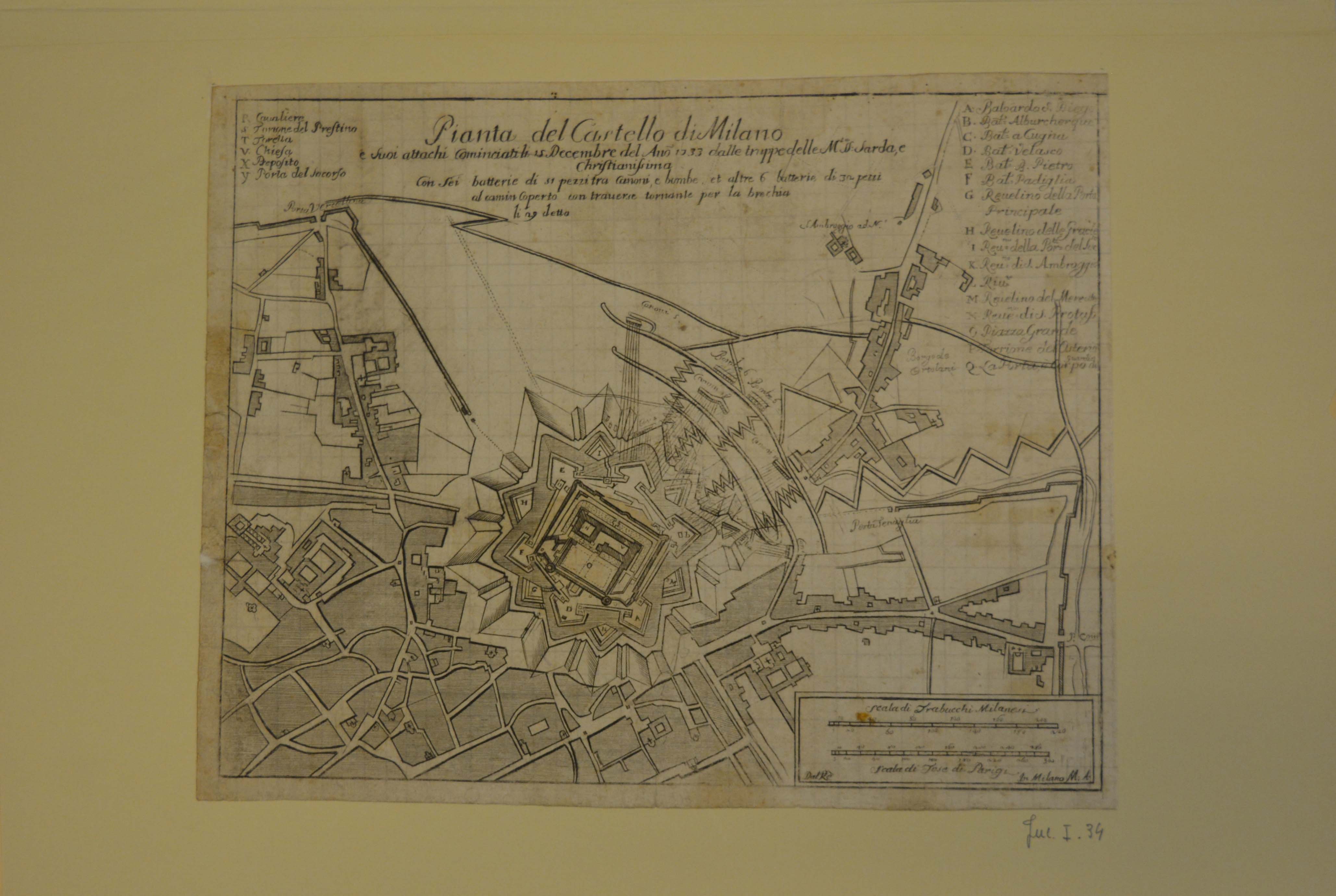 Pianta del Castello di Milano e Suoi attachi Cominciati li 15 Decembre del Anno 1735 dalle truppe delle Maestà S.S. Sarda e Christianissima. pianta dell'assedio del castello di Milano, nel 1733-1734, da parte delle truppe franco-piemontesi
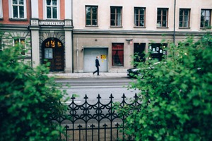 A lone figure in a dark suit wanders down a quiet street, flanked by quaint buildings that exude a charming historical vibe. The soft, diffused light creates a moody atmosphere, highlighting the contrast between the greenery in the foreground and the urban backdrop. The iron gate frames the scene, adding a sense of enclosure and inviting viewers to ponder the subject's journey.
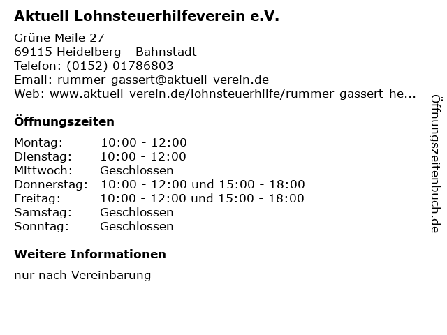 1 Aktuell Lohnsteuerhilfeverein e.V. (Entfernung: 1,24 km) Am Markt 15, 69123 Heidelberg - Pfaffengrund 4 Aktuell Lohnsteuerhilfeverein e.V. (Entfernung: 9,40 km) Obstgartenweg 13, 69181 Leimen - Gauangelloch 6 |
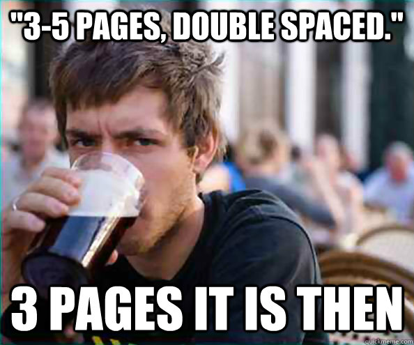 "3-5 PAGES, DOUBLE SPACED." 3 PAGES IT IS THEN
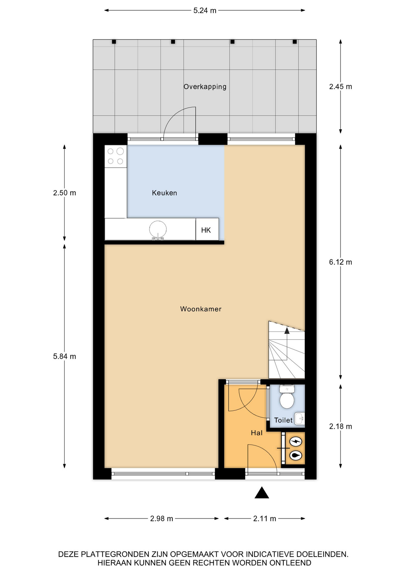 Entree/ hal met meterkast – woonkamer met trapopgang naar de 1e verdieping – open keuken met een keukenopstelling met o.a. een vaatwasser, koelkast, keramische kookplaat, afzuigkap en combioven – achteringang.
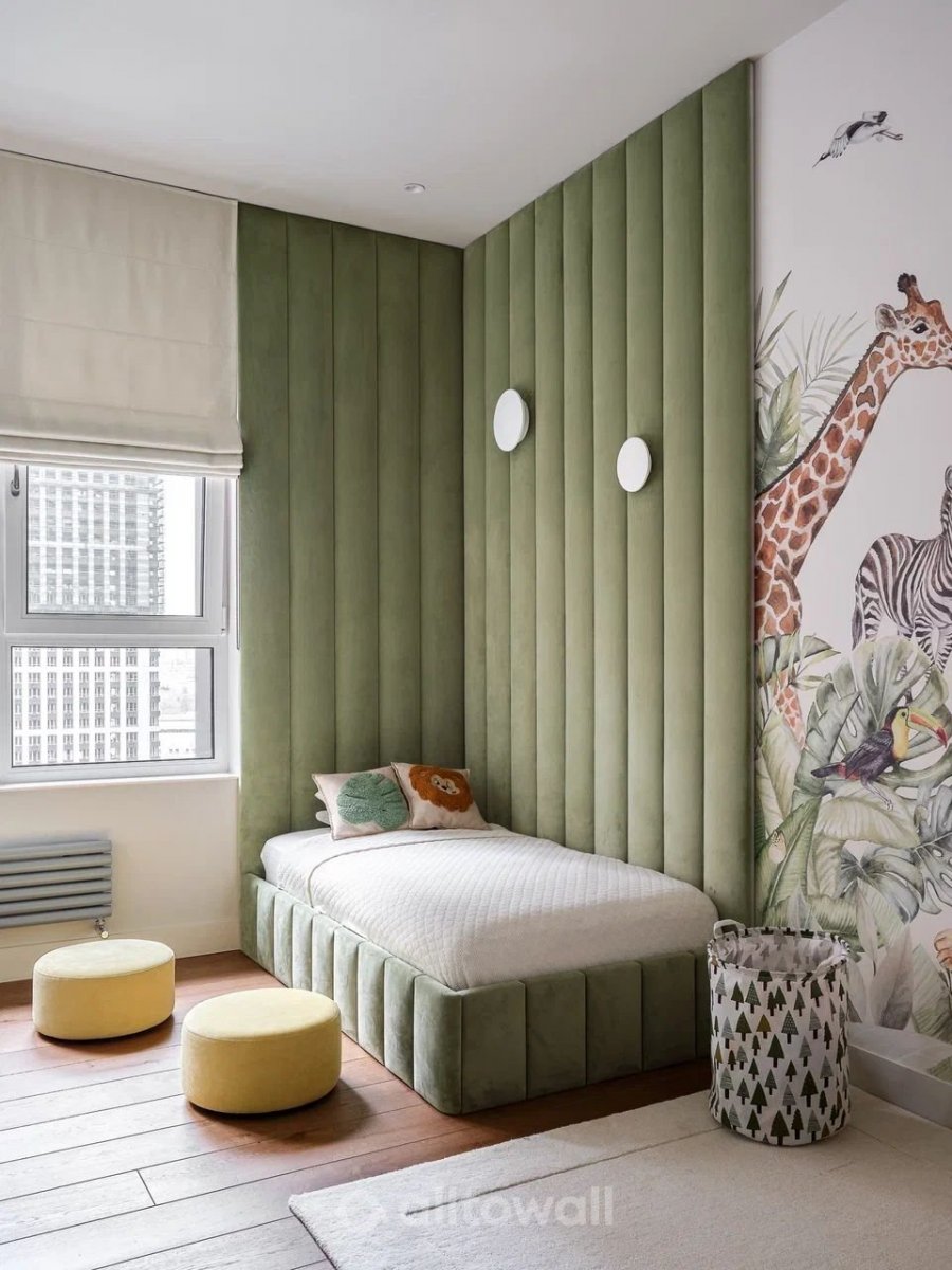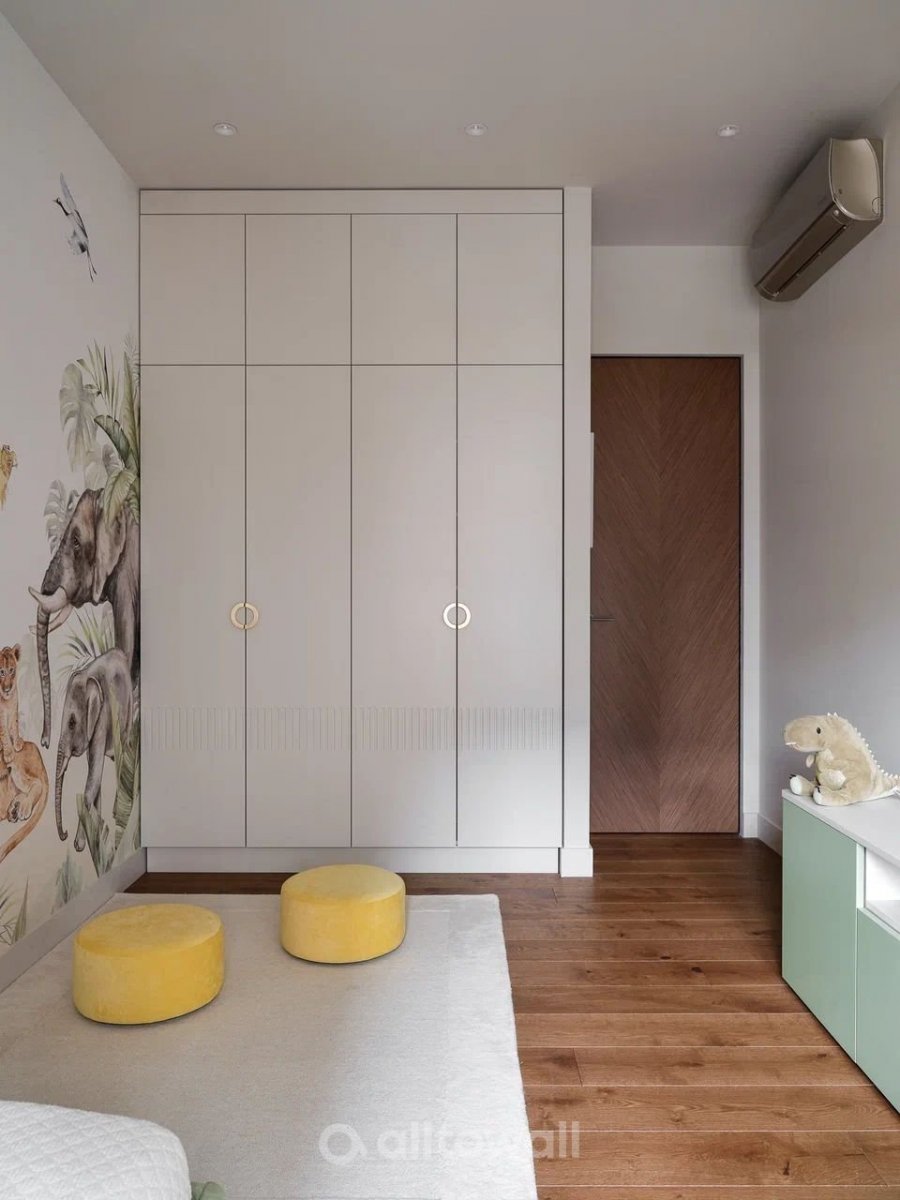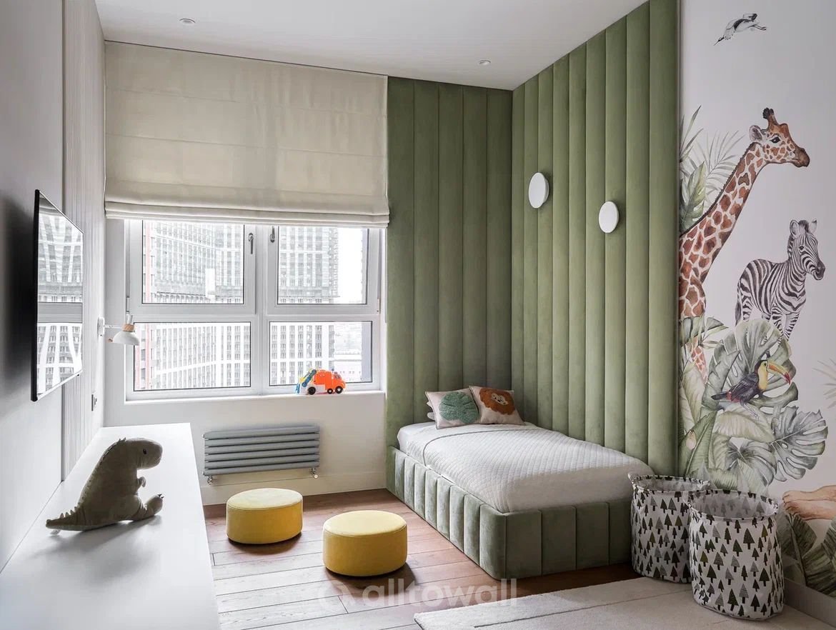 Такой дизайн не перегрузит пространство, и в комнате появится оригинальный акцент, способствующий развитию у ребёнка интереса к животным, природе и путешествиям. Яркие, детализированные обои будут хорошо сочетаться с природными деталями в интерьере — можно добавить плетёные корзины, игрушки в той же тематике: жирафов, слонов, зебр. Так ребёнку будет легко представить, что они будто «сошли с полотна» в игровую и зовут его к приключениям.
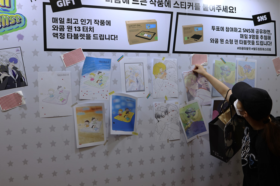 그림을 직접 그리지 않는 분들을 위한 이벤트도 당연히 준비됐습니다. 와콤 부스에 전시된 그림에 투표한 후 투표하는 모습이나 투표한 작품 등의 이미지를 개인 SNS에 공유하는 참관객들 또한 추첨을 통해 매일 세 분께 와콤 원 소형 펜 타블렛을 증정할 예정입니다. 고사양 액정 타블렛을 사용해 나만의 작품을 완성하고, 와콤 타블렛을 선물 받을 수 있는 특별한 기회를 놓치지 마세요!
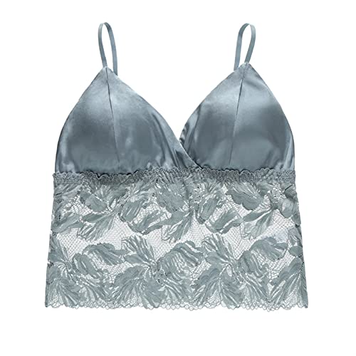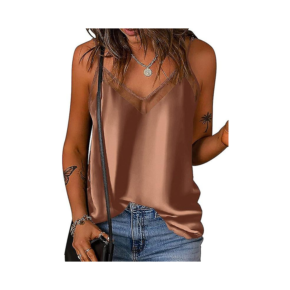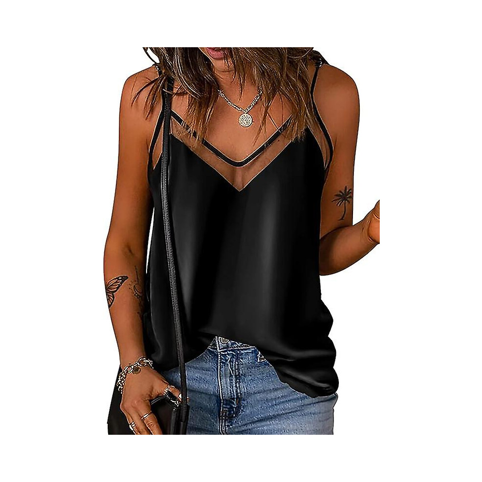 (As show, One size) Satin Mesh V Neck Tank Top Women Cami Top Silk Camisole Casual Blouselarge
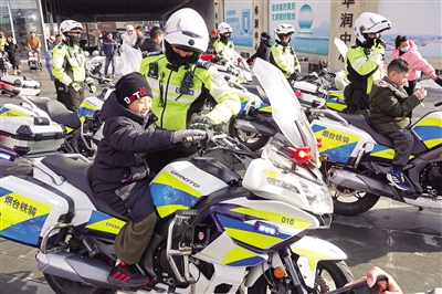 1月7日,小朋友在山东烟台万象汇广场体验警用摩托车。近日,各地公安机关举行警营开放日、警民互动等活动,向人们展示警用装备,普及警务知识和法律法规常识,迎接即将到来的第四个中国人民警察节。新华社发
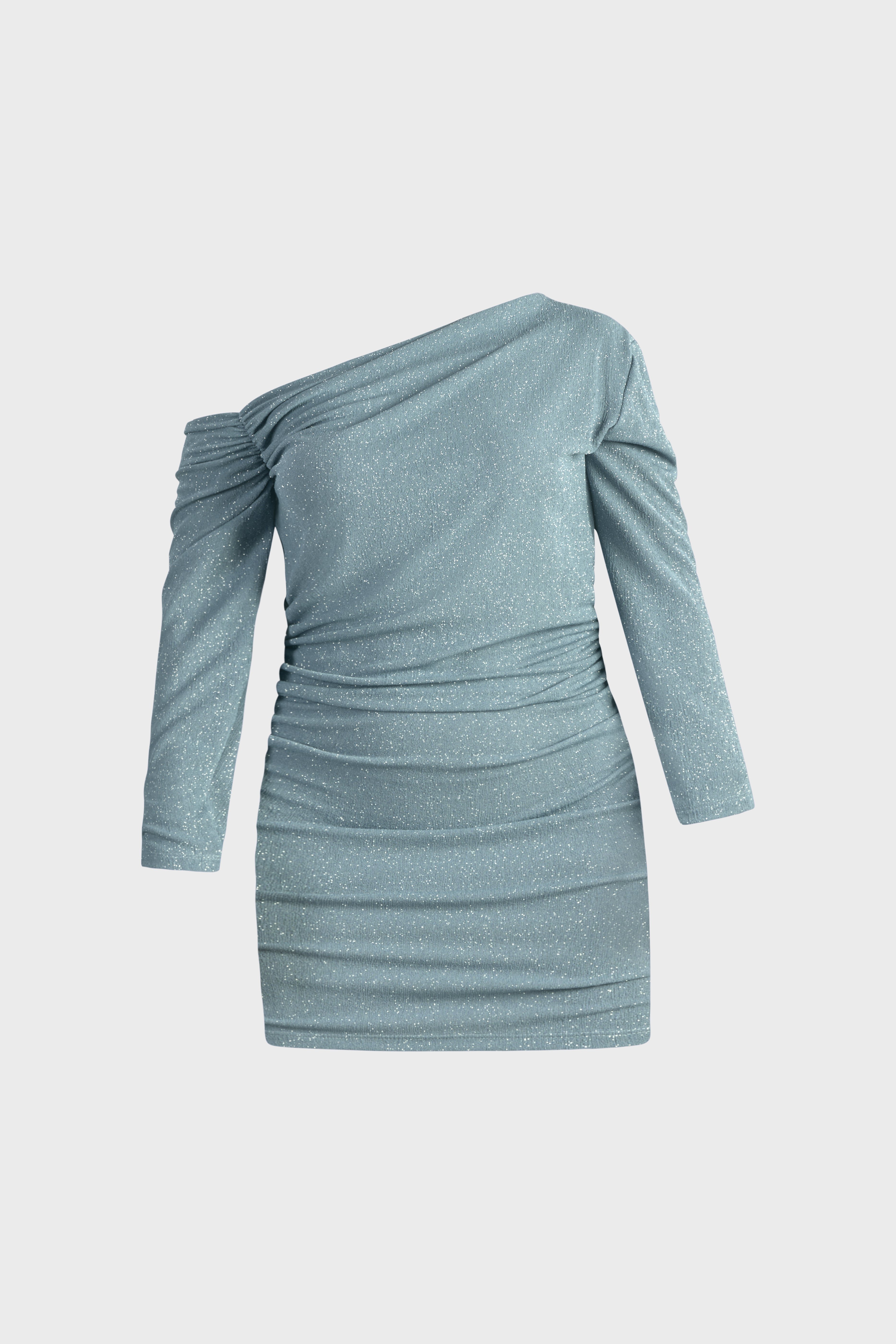 Il design asimmetrico di quest’abito dagli innumerevoli drappeggi, è sagomato in una silhouette a maniche lunghe. Realizzato in tessuto elasticizzato a maglia laminato, in grado di adattarsi a tutte le tipologie di corpo. Il modello, scivola lungo una spalla, aderisce dolcemente al corpo, regalando una lunghezza regolabile che si adatta ad ogni esigenza. È perfetto per occasioni speciali o serate eleganti, garantendo un aspetto impeccabile e una sensazione di leggerezza, questo abito è destinato a catturare l'attenzione.
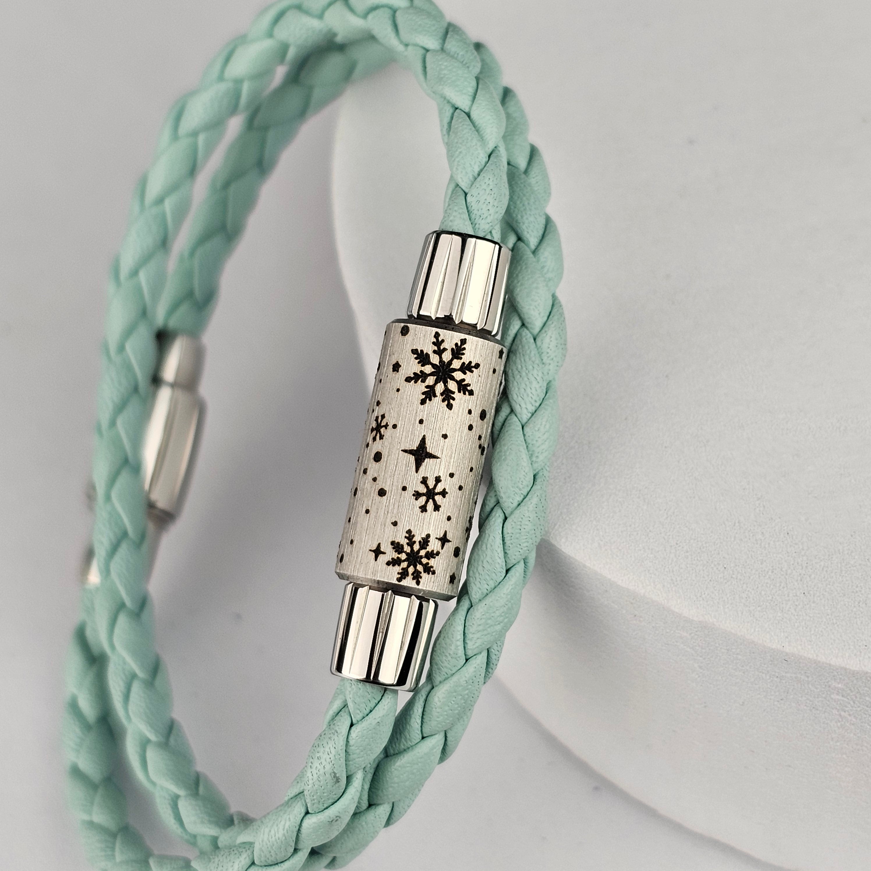 It includes the WINTER SKY bead, where snowflakes swirl under a starry sky 🌌, as well as a leather bracelet in the color of your choice , available in single or double versions.
----
PROBLEM DETAILS — From the records above, copy exactly the stretch from the line holding "A lone figure" through the line holding "1月7日,小朋友在山东烟台万", both ends included, without the pictures.

ANSWER SECTION —
 A lone figure in a dark suit wanders down a quiet street, flanked by quaint buildings that exude a charming historical vibe. The soft, diffused light creates a moody atmosphere, highlighting the contrast between the greenery in the foreground and the urban backdrop. The iron gate frames the scene, adding a sense of enclosure and inviting viewers to ponder the subject's journey.
 1 Aktuell Lohnsteuerhilfeverein e.V. (Entfernung: 1,24 km) Am Markt 15, 69123 Heidelberg - Pfaffengrund 4 Aktuell Lohnsteuerhilfeverein e.V. (Entfernung: 9,40 km) Obstgartenweg 13, 69181 Leimen - Gauangelloch 6 |
 "3-5 PAGES, DOUBLE SPACED." 3 PAGES IT IS THEN
 Entree/ hal met meterkast – woonkamer met trapopgang naar de 1e verdieping – open keuken met een keukenopstelling met o.a. een vaatwasser, koelkast, keramische kookplaat, afzuigkap en combioven – achteringang.
 Такой дизайн не перегрузит пространство, и в комнате появится оригинальный акцент, способствующий развитию у ребёнка интереса к животным, природе и путешествиям. Яркие, детализированные обои будут хорошо сочетаться с природными деталями в интерьере — можно добавить плетёные корзины, игрушки в той же тематике: жирафов, слонов, зебр. Так ребёнку будет легко представить, что они будто «сошли с полотна» в игровую и зовут его к приключениям.
 그림을 직접 그리지 않는 분들을 위한 이벤트도 당연히 준비됐습니다. 와콤 부스에 전시된 그림에 투표한 후 투표하는 모습이나 투표한 작품 등의 이미지를 개인 SNS에 공유하는 참관객들 또한 추첨을 통해 매일 세 분께 와콤 원 소형 펜 타블렛을 증정할 예정입니다. 고사양 액정 타블렛을 사용해 나만의 작품을 완성하고, 와콤 타블렛을 선물 받을 수 있는 특별한 기회를 놓치지 마세요!
 (As show, One size) Satin Mesh V Neck Tank Top Women Cami Top Silk Camisole Casual Blouselarge
 1月7日,小朋友在山东烟台万象汇广场体验警用摩托车。近日,各地公安机关举行警营开放日、警民互动等活动,向人们展示警用装备,普及警务知识和法律法规常识,迎接即将到来的第四个中国人民警察节。新华社发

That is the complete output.